Published online by Cambridge University Press: 07 March 2023
Described Thomas James 63; Stanley F. 7; Nasmith 174; T.D. Hardy, Descriptive Catalogue of Materials Relating to the History of Great Britain and Ireland to the End of the Reign of Henry VII, Rolls Series 26, 3 vols. (London, 1865), p. 4; James, Corpus 174; Brie, vol. 2, p. vi; Matheson, Brut, p. 88; Index of Images 59.
[1]
f. 1
In the noble lande of syrrie þer was a noble king and mighty and a man of grete renoun þat men called dyocliciam þat wel and worþely […] gouernede and reuled þoruʒ his noble chi[.]alrye so þat he conquerede alle þe landes aboute him so þat almost alle þe kinges of þe worlde to him were entendaunt hit bifel þat …
f. 198v
… made hym knyght the which knyg [sic] edward whan he had regned .lj. ʒere and more the .xj. kl of iuyn he deide att shene and is beried worschipfully at westmynster on whos soule god haue mercy amen.
‘Here may a man hure engelande was fferst callede albyon and þoruʒ wham hit had þe name’. The Brut. Folio 1r is worn and the writing in places illegible. At the head of the page in a s. xvi hand: ‘William Caxtons Fructus Temporum’. Below the last line of text on f. 198v in red crayon in the hand of Matthew Parker: ‘hic desunt usque ad 7 h quinti’. In pen below this in a later hand: ‘imperfect he wrot to almost the End of Edw: 4th’. Wells Rev. 8:2818 [10]. IPMEP 374. Ed. Brie (1906–08), who used the present MS as his base text for the 1333–1377 continuation, i.e. ff. 172v–198v (vol. 2, pp. 291–332).
Other texts: Matheson notes that the English Brut has survived in 181 medieval and post-medieval manuscripts (three of which contain two discrete texts of the work).
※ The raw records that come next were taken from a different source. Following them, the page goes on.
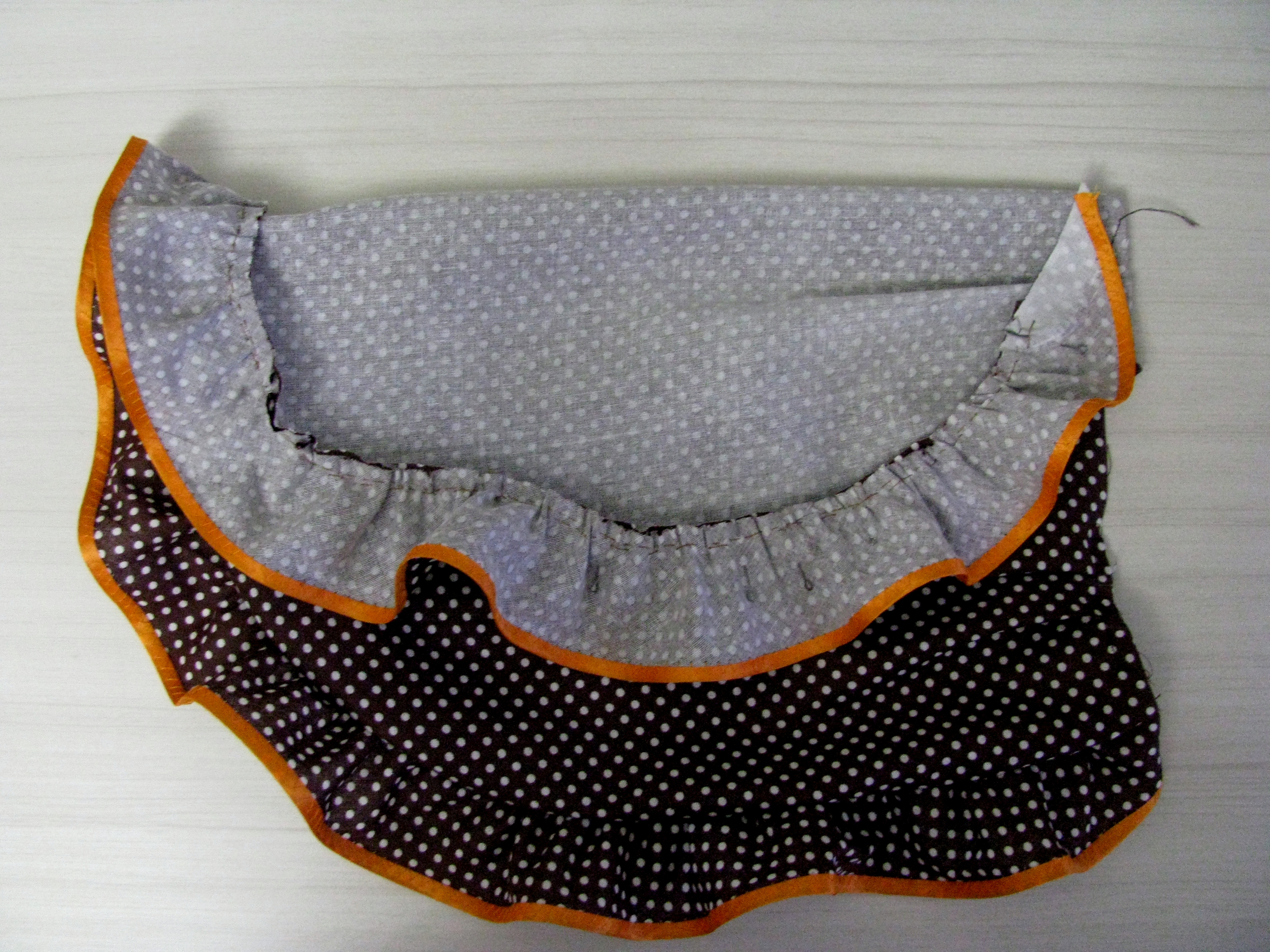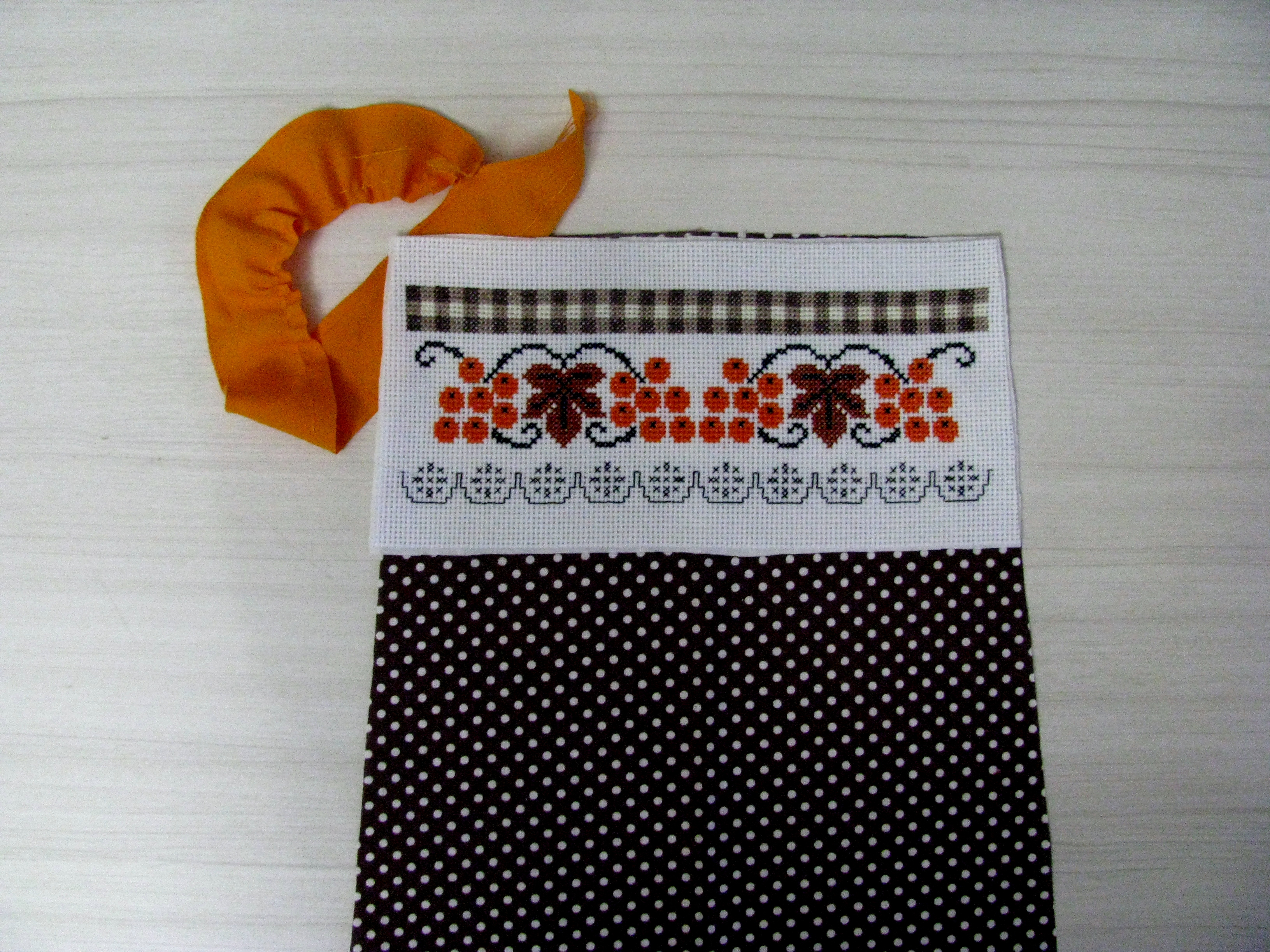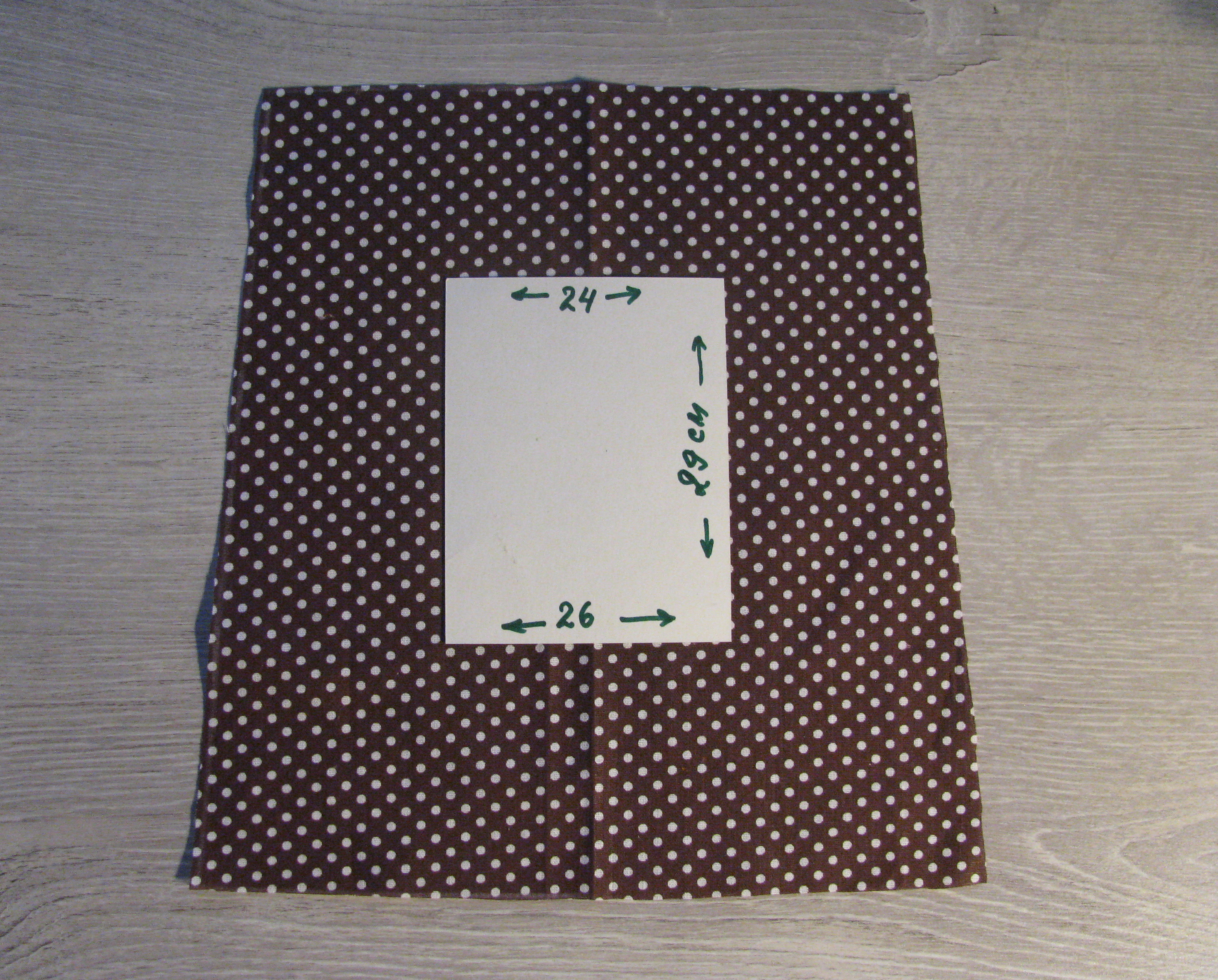Сшит из коричневой бязи в горошек и отделочной ткани оранжевого цвета. Украшен ручной вышивкой крестом.
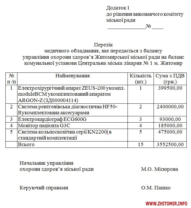 З балансу управління охорони здоров’я Житомирської міської ради на баланс комунальної установи «Центральна міська лікарня № 1» та комунальної установи «Центральна міська лікарня № 2» планують передати 28 одиниць медичного обладнання загальною вартістю 9 млн 346 тис. 494,35 грн.
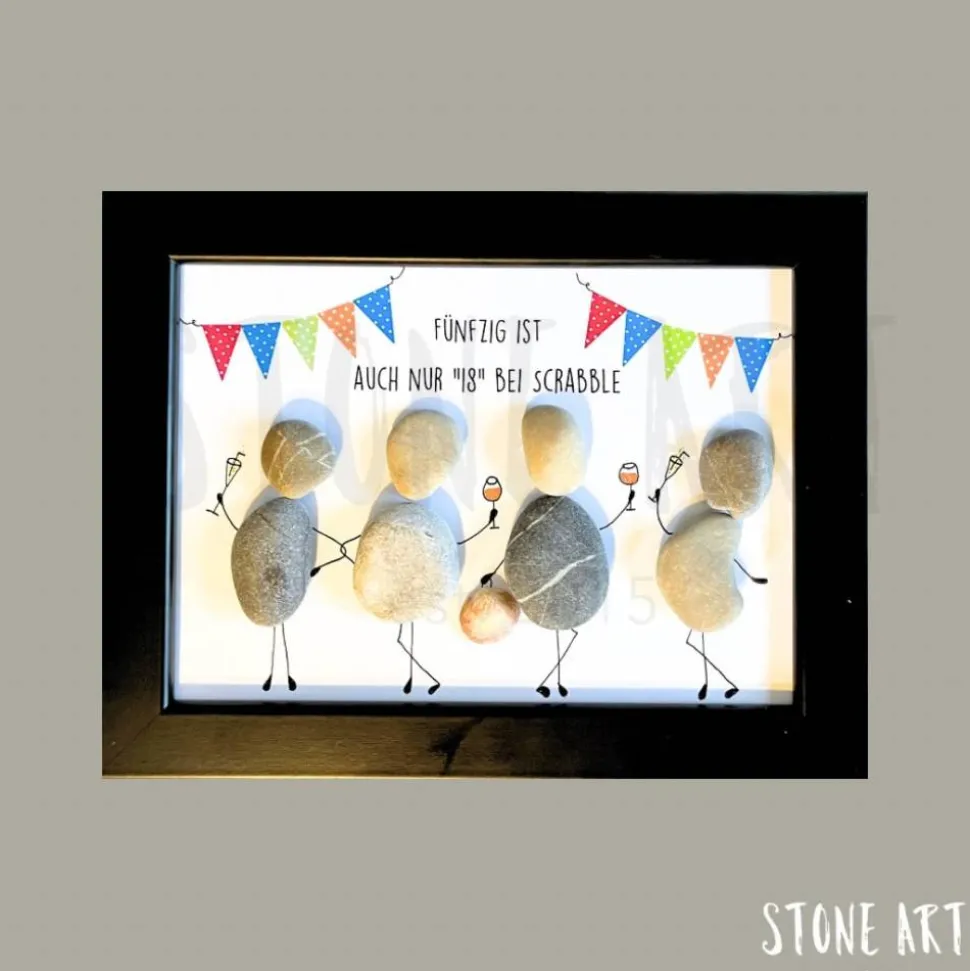 Feiere den 50. Geburtstag mit Humor! Das Steinbild „Fünfzig ist auch nur 18 bei Scrabble“ ist die perfekte Geschenkidee für alle, die das Älterwerden gelassen sehen und das Leben mit einem Lächeln genießen. Überrasche den Jubilar oder die Jubilarin mit einem Unikat, das individuell nach deiner Bestellung angefertigt wird.
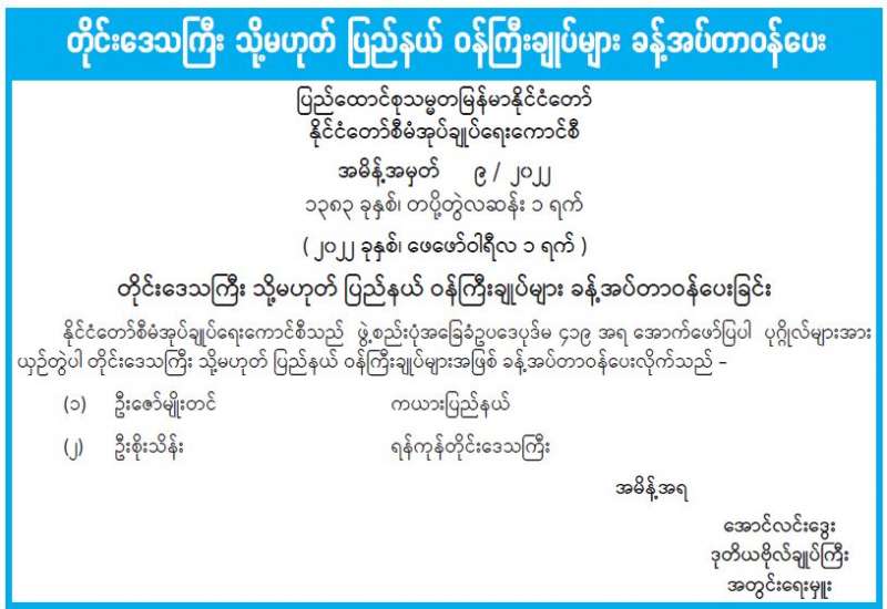 ၂၀၀၈ ခုနှစ် ဖွဲ့စည်းပုံအခြေခံဥပဒေနှင့်အညီ ဆောင်ရွက်လျက်ရှိသည့် နိုင်ငံတော်စီမံအုပ်ချုပ်ရေး ကောင်စီအား ထောက်ခံပွဲကို ယနေ့တွင် တိုင်းဒေသကြီးနှင့် ပြည်နယ်အသီးသီးရှိ မြို့နယ်များ၌ ကျင်းပသည်။
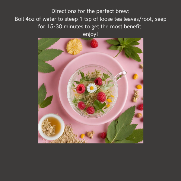 - Bring the water to a boil, then steep 1-2tsp of the herbs in 4oz for 15-30 minutes.
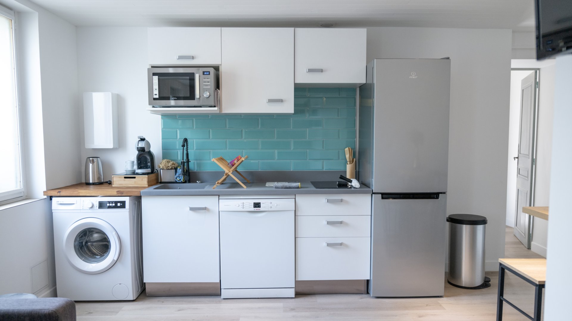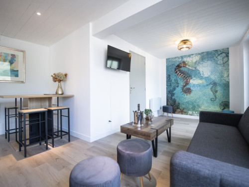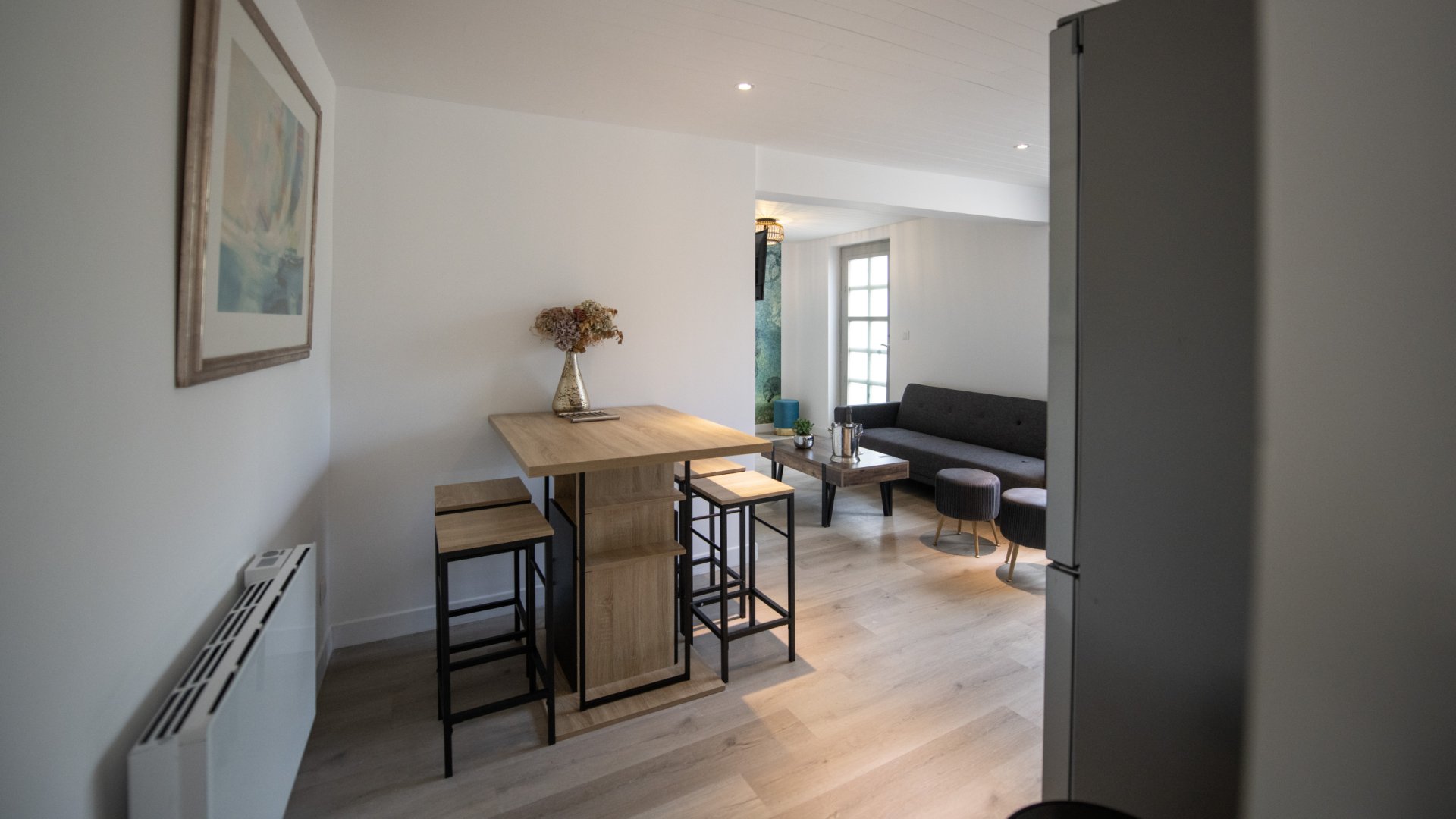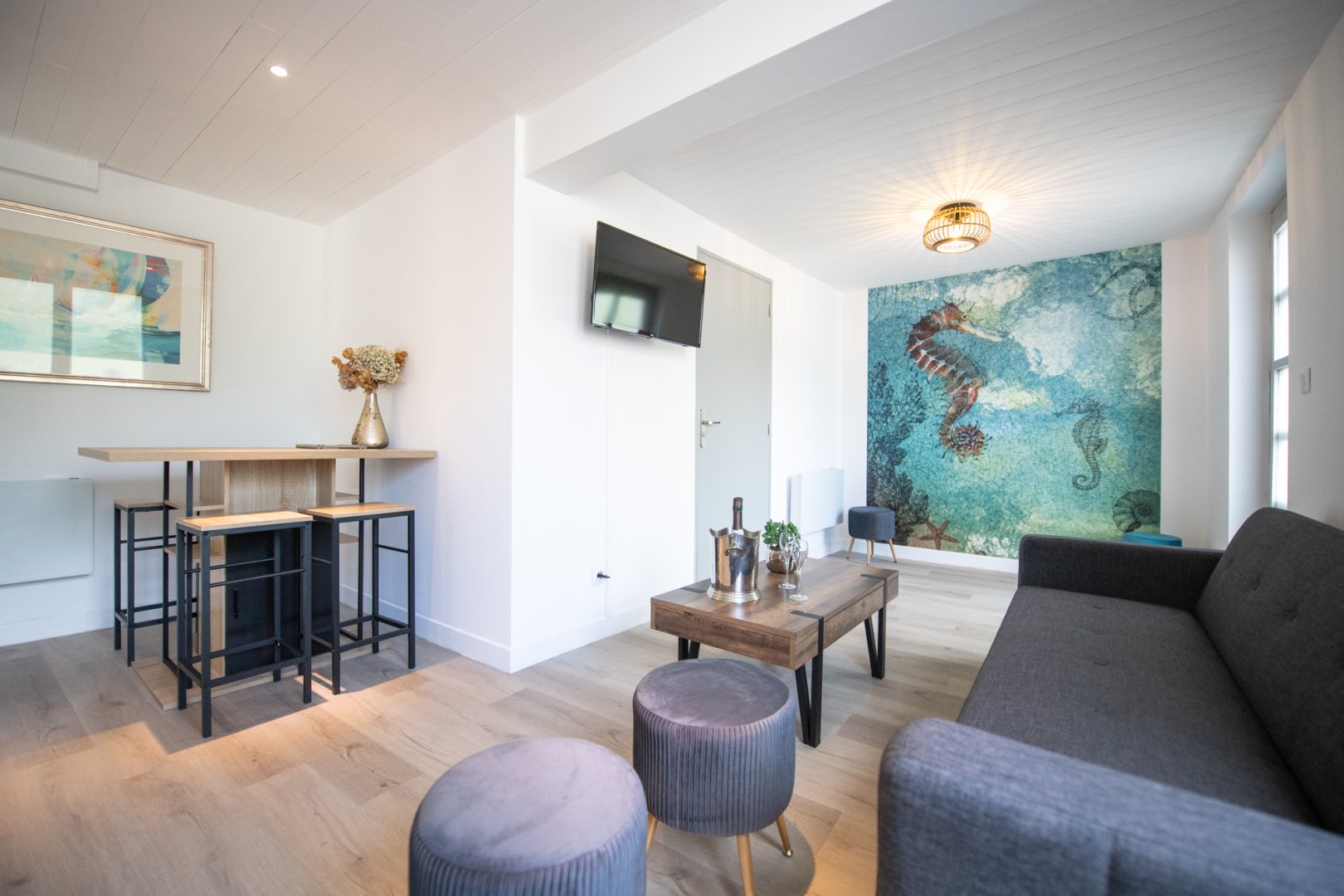 A large room including an open kitchen equipped with Senséo coffee machine, kettle, hob, combi oven, refrigerator, with dishwasher and washing machine, drying rack, a dining area with high stools and a large convertible sofa for relaxing. relax, lounge area with flat screen TV
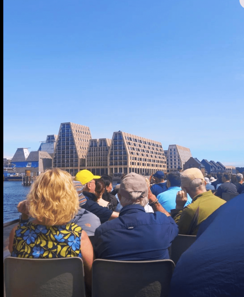 Scandinavia was in fact the last place on my original bucket list*, partially because I had never been able to choose between Norway, Sweden and Denmark – hence the appeal of a tour encompassing the supposed ‘best of’ each country’s capital. Tbh, much as I wish to see the Northern Lights and snow-covered fjords, I am not a fan of cold weather; considering I had already missed seeing the aurora on a previous trip to Iceland, my expectations of seeing them were low. I am also not a fan of fossil-fuelled travel, so even though this trip required flights to/from London, most of it was eco-friendly. Besides that, I had heard Scandinavia was prohibitively expensive – even more so than Japan – so my husband certainly would never have gone! But as I had promised my dear godmother Yogi (alas now deceased) I would visit Copenhagen for her someday, I wanted to do that while hopefully seeing fjords, Swedish lakes and forests in a sustainable and hopefully less-cold way (it was in fact only a little cooler than London – a mix of sun, cloud and rain, but sometimes even hot – so I hardly needed all the wintry jumpers, hats, scarves and wellies I packed!)
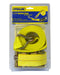 Retail Packaged. Pack of 1. Size: 2”x 15’, Working Load Limit: 1, 300 lbs., Ultimate Load Limit: 4,000 lbs., Colour: Yellow, Webbing: Polyester Material: Polyester. Working Load Limit: 1, 300 lbs. Ultimate Load Limit: 4,000 lbs. Hooks: J-Hooks. Colour: Yellow. Size: 2”x 15’.
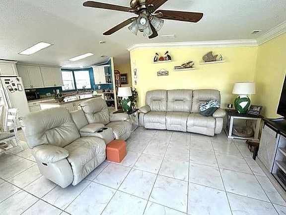 2BR 2BA plus a den 1624 sqft, unfurnished, this home is made for entertaining, open kitchen and living areas, loads of updates, beautifully decorated, large rooms, high end tile through out, new dishwasher, new washer and dryer, one car garage, screened lanai, covered carport, patio, updated kitchen in 2016, new water heater, 2020, new AC 2021, new roof on main house, carport and lanai, golf cart included. Watch the wildlife from your living room

He classifies the present MS as belonging in Group CV-1377 f.c. (i.e. Common version to 1377 with full continuation), along with BL Harley 2279, ff. 3–146; BL Stowe 68, ff. 1–189v; Manchester, John Rylands Eng 102, ff. 1–101v and Eng 103(2), ff. 1–130v; Philadelphia, Free Libr of Philadelphia Lewis 238, ff. 1–126.